We hypothesized that (1) oribatid mite density is highest in forests with thick organic layers (i.e., in acidic coniferous forests) providing habitat and food; (2) the diversity of oribatid mites is highest in unmanaged (natural) forests due to low disturbance and high microhabitat diversity and heterogeneity; and (3) the community structure of oribatid mites differs between forest types providing different types of niches.

Materials and methods

Study sites

We used experimental forest sites at three regions in Germany selected for long-term monitoring in the framework of the Biodiversity Exploratories, an integrative ecosystem research project (http://www.biodiversity-exploraties.de). The regions are located in the Swabian Alb, a low-mountain range in South-Western Germany (460–860 m a.s.l.), the Hainich, a hilly region in central Germany (285–550 m a.s.l.), and the Schorfheide, a glacial formed landscape in North-Eastern Germany (3–140 m a.s.l.). Parent rock is Jurassic shell limestone in the Swabian Alb, Triassic limestone in the Hainich and glacial till in the Schorfheide. Soil types at the study sites in the Swabian Alb were mainly Cambisols and partially Leptosols. In the Hainich Luvisol represented the main soil type and to a lesser extent Cambisol and Stagnosol. The Schorfheide is dominated by Cambisols interspersed with Luvisols (Fischer et al. 2010). Acidity of the soil ranged from pH 3.3 ± 0.19 in the Schorfheide to 4.51 ± 0.72 in the Swabian Alb to 4.59 ± 0.67 in the Hainich. The mean annual precipitation in the Swabian Alb is 700–1,000 mm with a mean annual temperature of 6–7 °C; respective values at the Hainich and the Schorfheide are 500–800 mm and 6.5–8 °C, and 500–600 mm and 8–8.5 °C. More details on the Biodiversity Exploratories are given in Fischer et al. (2010).

Sampling design

Four forest types were investigated in each of the three regions, including approximately 70 year old coniferous forests (P. abies in the Swabian Alb and Hainich; P. sylvestris in the Schorfheide), 30 and 70 years old beech forests (F. sylvatica) and natural beech forests with mature trees being 120–150 years old. The coniferous forests as well as the 30 and 70 years old beech forests were planted forests (=age class forests); the natural forests were taken out of management at different dates (for details see Fischer et al. 2010).

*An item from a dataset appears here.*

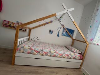 Preciosa cama infantil con diseño de tipi, ideal para habitaciones de niños. - Medidas: 90x160cm. - Estructura 95X1,65cm - Altura 1,50cm - Estructura de madera blanca. - Está nueva, usada 2 veces. - - - -Colchón intacto. -Regalo funda colchón.

Soil samples were taken in April and May 2008. The four forest types were replicated four times in each of the three regions resulting in 48 sampled forests. The forests were at least 1 km aside from each other. In each forest two soil cores were taken from a 5 × 5 m square and pooled for statistical analysis. Soil cores were taken with a soil corer (5 cm Ø) and separated in organic and soil layer (4 cm thickness). Soil animals were extracted by heat (Macfadyen 1961) from both layers separately but data were pooled for the statistical analyses. Until determination animals were stored in 70 % ethanol. Adult oribatid mites were determined using Weigmann (2006). Suctobelbidae and Brachychthoniidae were determined to family-level; juvenile oribatid mites were counted.

Environmental factors

The litter layer of the soil cores used for arthropod extraction was weighed after drying during heat extraction. Soil pH of the soil cores was measured in 0.01 M CaCl2 solution. Carbon and nitrogen content of the litter and of fine roots, taken out of the soil cores after heat extraction, as well as carbon content of the soil were measured with an elemental analyzer (NA 1500, Carlo Erba, Milan).

Statistical analysis

Data of oribatid mite density and diversity were log transformed (counted data) or arc-sin transformed (proportional data) to improve homogeneity of variances and normal distribution; and analyzed using two-factorial ANOVA with the factors region (Swabian Alb, Hainich, Schorfheide) and forest type (coniferous forest, beech 30 years old, beech 70 years old, natural beech forest). In case of significance post hoc tests (Tukey’s HSD) were performed to inspect differences between means. Means and standard deviations given in text and figures are based on untransformed data. Correlations of oribatid mite density with environmental factors were tested using Pearson Correlation. ANOVA and correlations were calculated with STATISTICA 9.1 software package (Statsoft Tulsa, USA).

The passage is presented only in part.